Plus précisément, la chambre de recours a considéré que la demande d’enregistrement étant extrêmement courte (deux secondes) et simple (quatre sons perceptibles), elle n’était pas en mesure de transmettre en tant que tel un message dont les consommateurs pourraient se souvenir, dès lors qu’elle serait simplement perçue comme un élément sonore fonctionnel destiné à attirer l’attention de l’auditeur sur l’annonce qui suit ou sur d’autres aspects des services visés.
La BVG a formé un recours à l’encontre de cette décision, reprochant à la chambre de recours de l’EUIPO de ne pas avoir interprété correctement les critères du caractère distinctif.
Sur l’appréciation du caractère distinctif par le TUE
Le TUE annule la décision de la chambre de recours et apporte des précisions utiles quant aux critères permettant d’apprécier le caractère distinctif des jingles de courte durée.
Le TUE considère notamment que :
- Il est notoire que les opérateurs du secteur des transports utilisent de plus en plus des jingles pour créer une identité sonore reconnaissable par le public.
- Le signe sonore consiste en une mélodie de quatre sons différents qui n’a pas de lien direct avec les services visés. Ce signe n’apparaît pas plus être dicté par des considérations techniques ou fonctionnelles.
Pour le TUE, la marque demandée tend à être exploité comme un jingle (i.e. une séquence sonore courte et percutante susceptible d’être mémorisée).
- La pratique décisionnelle et les directives de l’EUIPO en matière de marques sonores confirment cette appréciation. Le TUE rappelle en ce sens que des marques sonores ont été acceptées par l’EUIPO alors qu’elles étaient composées d’une séquence de quatre tonalités différentes (notamment : les jingles de l’entreprise ferroviaire allemande Deutsche Bahn AG et celui de l’aéroport de Munich avaient été acceptés alors qu’ils ne comportaient que quelques notes).
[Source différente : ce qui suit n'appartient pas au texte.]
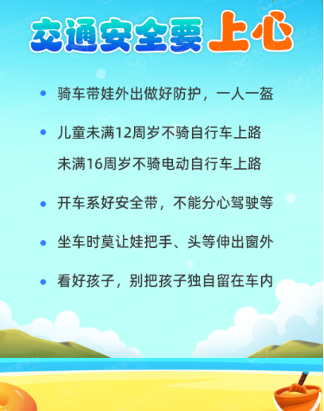 5.出行安全记心间。“一盔一带”不能忘,交通规则要遵守,文明平安过暑假。暑假是孩子们的“撒欢”时间,也是安全事故的高发期。快乐出行,平安回家!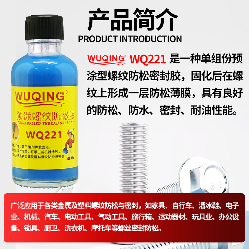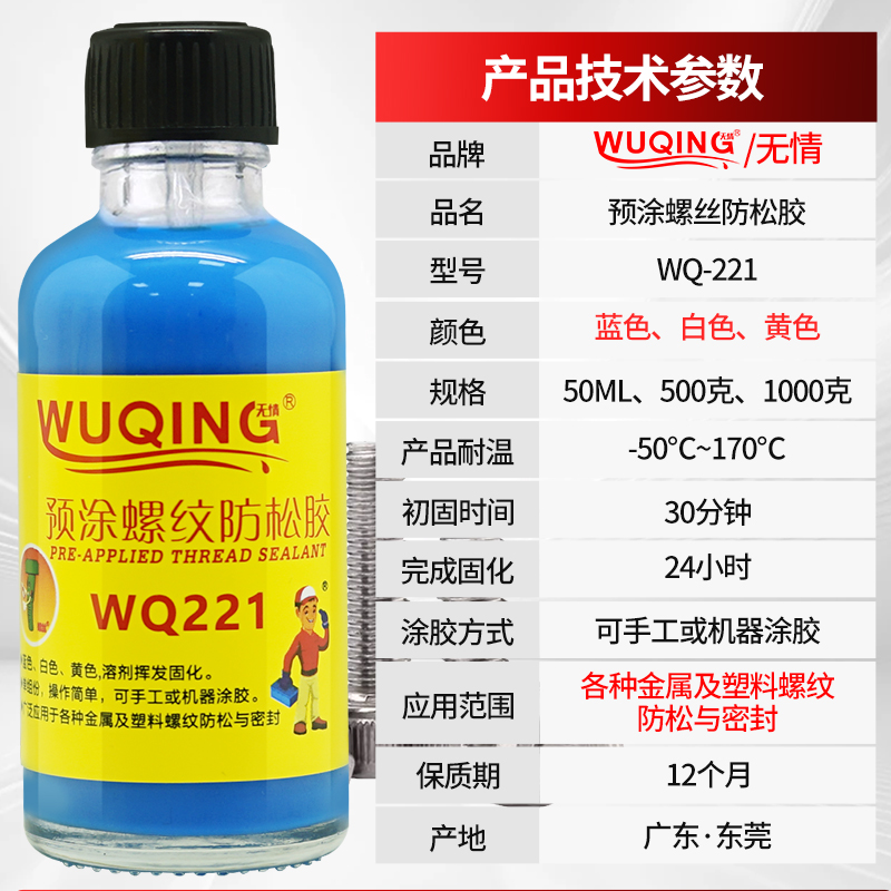 无情牌WQ221螺纹螺丝螺钉螺栓蓝白黄色预涂锁固剂胶水防松动滑丝脱落止退紧固耐落胶快干固定可拆卸预涂胶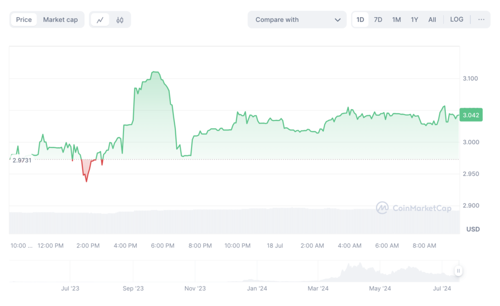 Cena PepeCoin wzrosła o ponad 11% w ciągu ostatnich 24 godzin. Token osiągnął poziom 3.11 USD i ponad 23% w ciągu ostatnich 7 dni.

- Le fait que la marque ait un rôle fonctionnel (par exemple, attirer l’attention sur une annonce) ne fait pas obstacle à ce qu’elle puisse également exercer sa fonction d’indication de l’origine commerciale du service.
Au regard de ce qui précède, le TUE a estimé que la chambre de recours avait commis une erreur d’appréciation en concluant à l’absence de caractère distinctif de la marque demandée, compte tenu de ses caractéristiques (durée, mélodie, sons perceptibles) ainsi que des différentes indications fournies par l’EUIPO par le passé quant au rôle joué par ces caractéristiques dans l’appréciation du caractère distinctif.
Pour aller plus loin
La protection des marques sonores a été consacrée par la loi du 4 janvier 1991 et a été significativement facilitée par la suppression de l’exigence de représentation graphique résultant de l’adoption de la Directive (UE) 2015/2436 dite « Paquet Marques ».
En effet, en vertu de l’ancien article L. 7111 du Code de la propriété intellectuelle, les marques sonores pouvaient être protégées à la condition d’être représentées sous une forme exclusivement graphique. À titre d’exemple, une marque pouvait être décrite par des mentions telles que : « la marque est constituée par le Chant de la cigale et figuré par le Spectogramme » ci-dessous représenté (marque française non en vigueur n° 003005722) :
Désormais, les marques sonores peuvent être déposées auprès de l’EUIPO et de l’INPI via un fichier audio et/ou vidéo, simplifiant ainsi considérablement la procédure.
A l’instar des autres catégories de marques (verbales, figuratives, tridimensionnelles, notamment), et comme déjà évoqué ci-dessus, les marques sonores doivent remplir la condition de distinctivité.
Le TUE a ainsi pu considérer que la combinaison d’un élément sonore de neuf secondes (son du pétillement des bulles) et d’un élément silencieux d’une seconde pour des produits des classes 29, 30, 32 et 33 (boissons, récipients métalliques notamment), était dépourvue de tout caractère distinctif dans la mesure où elle serait davantage perçue comme étant une indication des qualités des produits qu’une indication de leur origine commerciale (TUE, 7 juillet 2021, T-668/19).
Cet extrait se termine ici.